(215b) Flare Regulatory Trends and Impact on Ethylene Manufacture | AIChE

(215b) Flare Regulatory Trends and Impact on Ethylene Manufacture


Boley, T. - Presenter, Sage Environmental Consulting, L.P.

Global attention on improving oil and gas, refinery, petrochemical, and related industrial flaring practices continues its forward advance intimately affecting daily plant operations. 

  • World Bank’s GGFR Initiatives, 2004
  • USEPA Ethylene MACT Compliance Manual, July 2006 (Appendix C)
  • India’s Emission Standards for Oil Refineries, updated 2008, 2010  
  • Canadian Directive S-20 for Saskatchewan Oil and Gas Sector, July 2011
  • EU’s IPPC BREF Note for Refineries – TWG’s Draft 2, March 2012
  • USEPA Refinery Flare Rule NSPS Subpart Ja, November 2012
  • FIP Fort Berthold Indian Reservation, ND, gas flaring, March 2013
  • California’s Proposed Rule for the Refinery Sector – BAAQMD Rule 12-15, 2013
  • UN CDM Update to ACM0001 Flaring and Use of Landfill Gas, Nov 2013
  • Colorado DPHE adopted new O&G Reg. No. 7, Feb 23, 2014
  • North Dakota Industrial Commission, new O&G flare rules, March 2014
  • USEPA Refinery MACT CC/UUU, proposed June 2014
  • USEPA NSPS Quad O for flares, revisions proposed, July 2014
  • USEPA NSPS XXX for MSW Landfills, flares, proposed July 2014
  • Updates to Flare Emission factors – AP-42, proposed August 19, 2014

Further, in the USA, recent 2012-2014 Flare Consent Decrees (CD) issued by U.S. Environmental Protection Agency (USEPA) to major USA petroleum and petrochemical facilities have been precipitated by alleged and wide-spread flare “over-steaming” practices in most all industrial applications.  In Texas, the 2011 TCEQ Flare Study Report demonstrated the complex and inter-related impacts of multiple variables on flare performance, indicating that the management of flare combustion efficiency is a complex and highly dynamic process. 

Additional flare monitoring and dynamic steam and supplemental fuel control schemes are being incorporated into the growing global expectation of proper flare control.  The USEPA is using its enforcement powers to move this shift in technological evolution, rather than its rule making processes, but new regulations are coming.  Many USA refinery and some chemical facilities are beginning to operate their flares within these new control schemes.   The growing interest in ground flares as a control option is high; however, there are no regulations in place to adequately cover pressure-assisted flares.
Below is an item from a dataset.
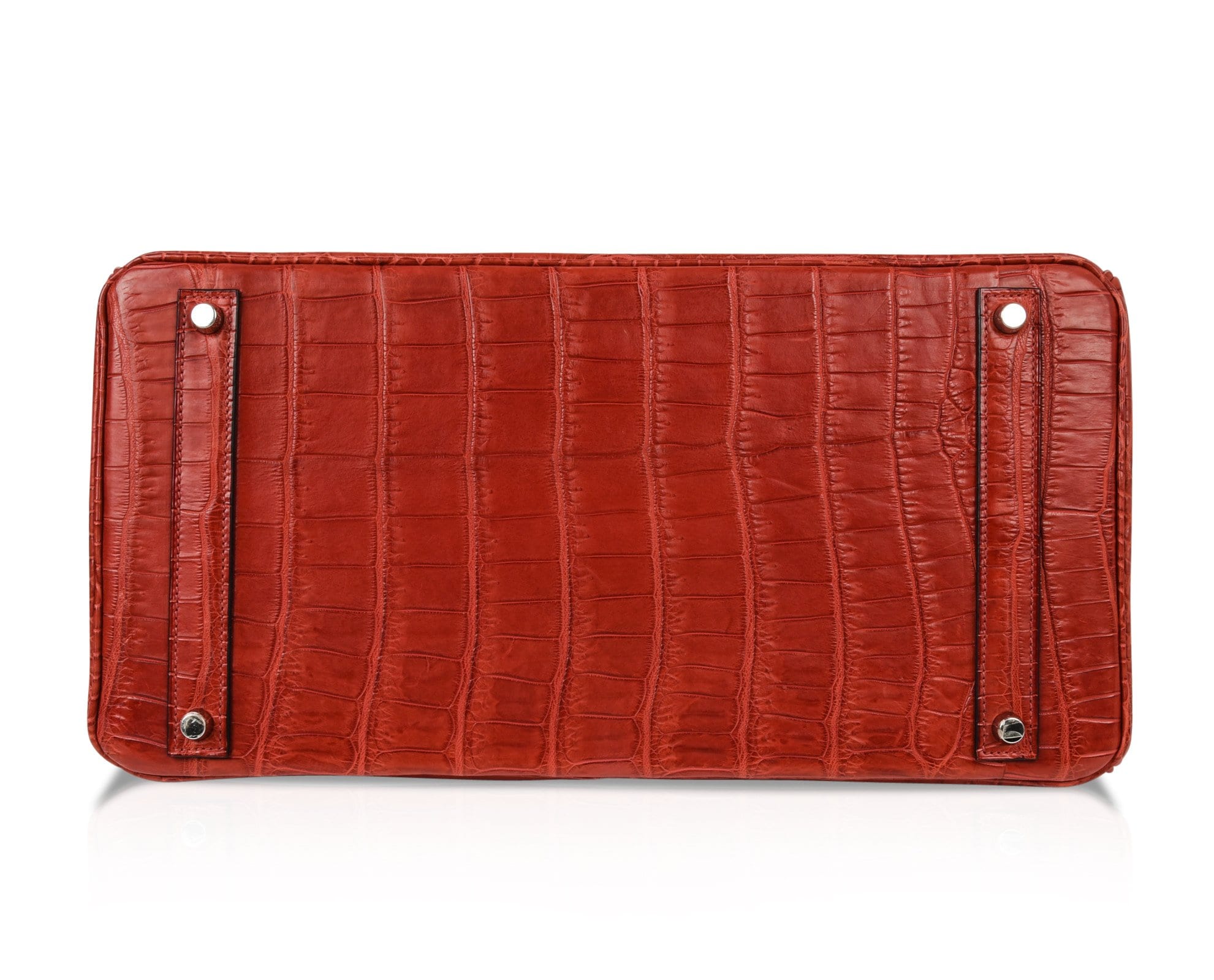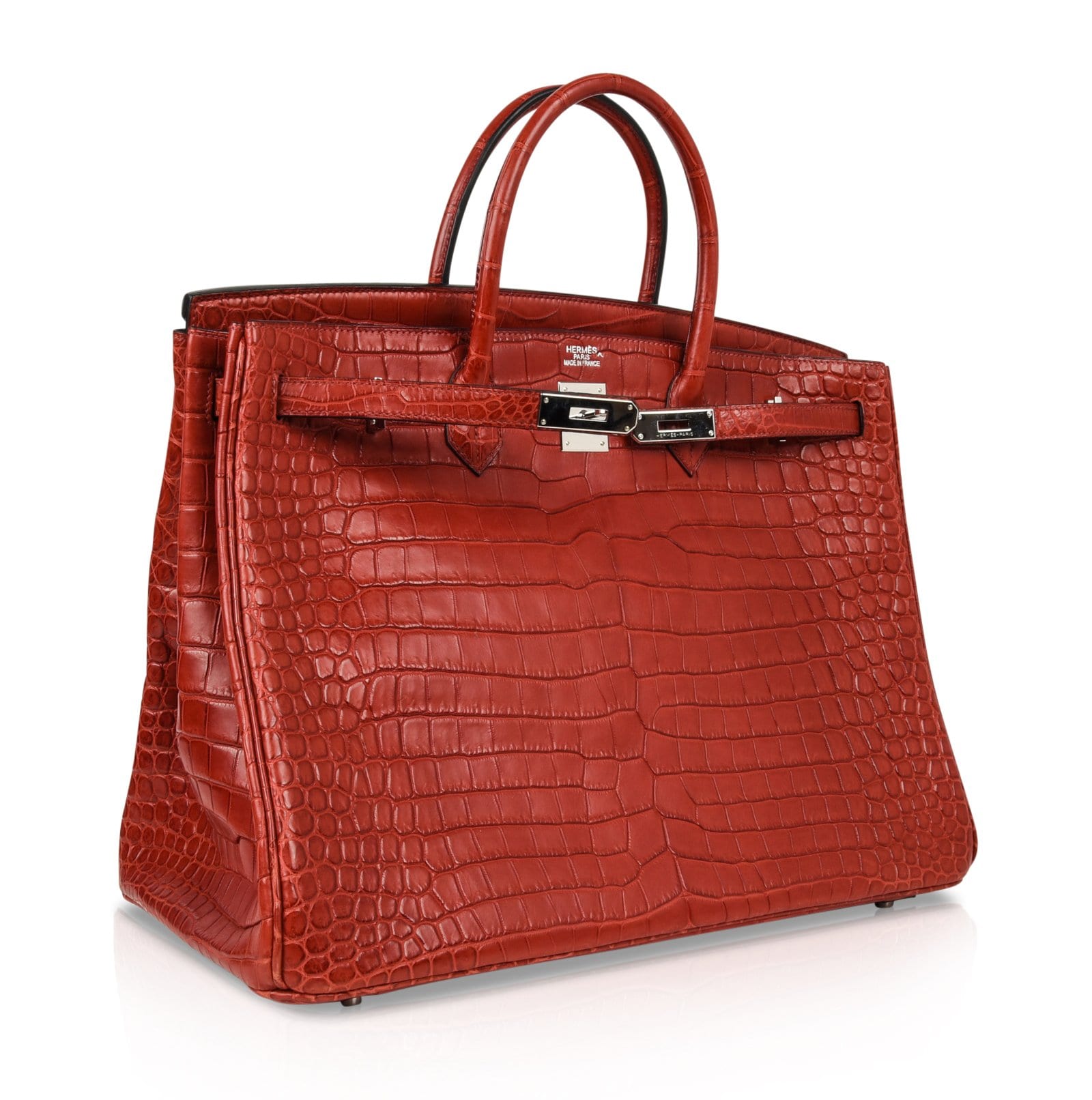 Guaranteed authentic Hermes Birkin 40 in Rouge Red Matte Porosus Crocodile.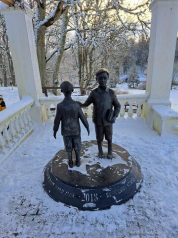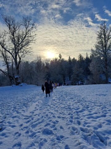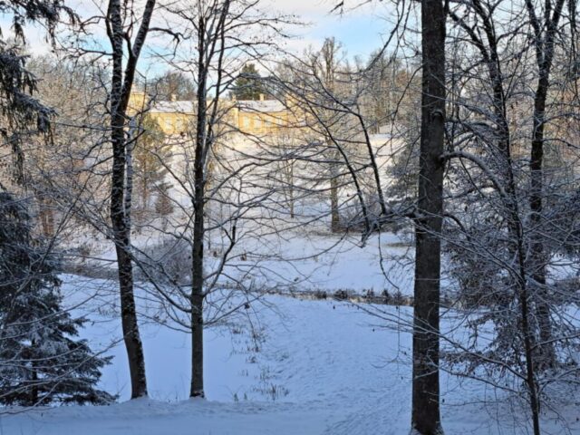 Kupini kūrybinio įkvėpimo važiavome toliau – į nuostabųjį Renavo dvarą. Jį pasiekus mus pasitiko įspūdinga žiemiška parko ramybė. Apėjome visą dvaro teritoriją: žavėjomės dangų siekiančia Renavo egle, kvėpavome tyru parko oru, o didžiausią vaikų susižavėjimą sukėlė garsusis akmuo su milžino pėda – apie jį netrūko nei spėlionių, nei fantazijų. Vieni tvirtino, kad čia tikras milžinas buvo užklydęs, kiti juokavo: „Gal jis dar čia pat?“

Globally, many environmental agencies refer to the USEPA rules on flare operation and performance, monitoring, and test methods.  Significant changes are anticipated for these USEPA rules which may affect many companies operating beyond the USA boarders.  This presentation will inform the conference delegates of likely future environmental considerations for ethylene production flaring within their facilities and companies.